Making Sense of Gameplay Effect Durations

What are Gameplay Effects

Gameplay Effects are part of GAS (Gameplay Ability System) in Unreal and are one of the main tools with which you can implement gameplay behaviors.

At it’s most basic level, gameplay effects can be used to modify attributes in different ways, which is incredibly useful.

Gameplay Effects can do much, much more as well, but this time I will focus on a very specific topic which is the effect Duration Policy property, as it can sometimes get confusing.

When you create a gameplay effect, you will see that in the Duration Policy property you have 3 choices: Instant, Has Duration and Infinite.

Let’s see what this actually means.

Instant Gameplay Effects

Instant Gameplay Effects are the most basic effects you can create. What I mean by them being instant is that the moment you apply them, they will do their thing and be done.

This is why if you apply the effect and try to get the handle that the ASC ( Ability System Component ) returns, that handle will not be valid ( although it will have info that the effect has been applied )

The most basic thing you can do with an instant effect is to modify attributes, and this modifications will be permanent, they will modify the Base Value of the attributes.

An example of this would be a damage effect that takes health away from you, the moment the damage is applied, the health is gone and the effect is done.

Duration Gameplay Effects

If you set the Duration Policy to Has Duration two different things will happen.

The first one is that you will get a handle of that effect when you apply it and once the selected duration is over the effect will expire.

The second is that you will see that now you are no longer modifying the base value of the attributes but instead you are modifying the Current Value.

This is because Has Duration effects are temporal effects, they are only active while the effect is active, and once the effect is gone its side-effects will be gone too.

To manage this Attributes in the Gameplay Ability System have a Base Value and a Current Value.

If you want to do a permanent change ( receive damage, or heal ) you modify the base value, if you want temporal changes ( a 5 seconds buff to strength ) you modify the current value so that the attribute can return to the correct value once the effect is gone.

This is important as you may have tons of effects applied at the same time modifying temporarily multiple things, so the base value may be really different from the current value.

In the end the important thing is that duration effects are temporal gameplay effects that only modify the base value ( this will be expanded further down as there are some exceptions )

Infinite Gameplay Effects

Finally you have Infinite duration effects. This effects are in reality the same as Has Duration effects, but they simply do not expire with time. You will need to manually remove them or for a effect condition to be met that removes them.
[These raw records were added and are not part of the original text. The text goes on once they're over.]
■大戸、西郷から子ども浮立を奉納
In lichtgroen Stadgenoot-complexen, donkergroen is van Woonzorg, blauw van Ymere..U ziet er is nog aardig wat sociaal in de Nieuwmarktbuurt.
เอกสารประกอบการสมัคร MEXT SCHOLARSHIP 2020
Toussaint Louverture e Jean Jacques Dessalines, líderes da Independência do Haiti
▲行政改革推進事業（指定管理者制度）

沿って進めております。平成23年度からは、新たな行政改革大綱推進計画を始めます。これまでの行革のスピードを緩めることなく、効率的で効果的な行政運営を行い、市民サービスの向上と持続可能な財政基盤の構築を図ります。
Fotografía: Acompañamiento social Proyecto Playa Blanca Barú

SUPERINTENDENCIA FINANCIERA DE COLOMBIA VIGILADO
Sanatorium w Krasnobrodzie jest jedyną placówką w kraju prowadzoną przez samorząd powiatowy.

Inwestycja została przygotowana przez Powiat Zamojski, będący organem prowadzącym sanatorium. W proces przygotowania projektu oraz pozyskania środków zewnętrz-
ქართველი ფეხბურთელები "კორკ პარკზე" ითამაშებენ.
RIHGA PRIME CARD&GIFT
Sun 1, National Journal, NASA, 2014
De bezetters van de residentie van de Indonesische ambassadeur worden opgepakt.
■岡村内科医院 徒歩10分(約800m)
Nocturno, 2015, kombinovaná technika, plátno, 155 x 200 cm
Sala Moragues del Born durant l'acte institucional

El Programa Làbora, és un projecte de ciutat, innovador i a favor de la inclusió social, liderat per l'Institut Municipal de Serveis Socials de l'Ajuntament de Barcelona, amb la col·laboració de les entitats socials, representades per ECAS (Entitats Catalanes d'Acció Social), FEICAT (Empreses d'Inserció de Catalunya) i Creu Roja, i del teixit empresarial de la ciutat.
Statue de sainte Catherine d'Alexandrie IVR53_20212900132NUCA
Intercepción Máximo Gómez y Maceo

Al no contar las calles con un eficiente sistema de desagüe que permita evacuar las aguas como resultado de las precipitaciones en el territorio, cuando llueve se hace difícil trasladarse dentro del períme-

So in reality, more than Infinite, they are Effects that will stay here until removed.

This are useful for things like a weapon giving you a buff while the weapon is equipped, or a fire hazard that applies a debuff to you while you are inside it.

Period

I teased a little bit before that even though I said that duration and Infinite gameplay effects modify only the current value, there are some exceptions…

When you add a period to the effect that is one of those exceptions.

The moment you do this you will see that modifiers no longer apply to the current value (temporal ) but to the base value ( permanent).

The period makes it so it’s like we are applying an instant effect every tick of the period.

This is useful for things like poison or healing over time, as you would not want that all the damage the poison has done goes away the moment you are no longer poisoned ( the effect goes away, but its periodic side-effects stay )

Things to take into account

In this case I only talked about attribute modifications, but regarding some other topics, instant effects for instance can not grant tags, but duration and infinite effects can grant tags to the ASC.

All of them can have executions ( pieces of code that will run on application of the effect, or on period for duration/infinite effects. And the list goes on.

At the same time now since Unreal 5.3 I think Unreal has modular gameplay effects instead of the monolithic gameplay effects of the past, so they can be extended with tons of cool features, but this may be a topic for another entry.

Conclusion

You have seen that gameplay effects can have different duration policies ( Instant, Has Duration and Infinite ).

Depending on your needs you can use one duration policy or another to help you accomplish whatever gameplay behavior you desire.

I hope this has been helpful in making you better understand how Duration Policy works in the Gameplay Effects of the Unreal Gameplay Ability System.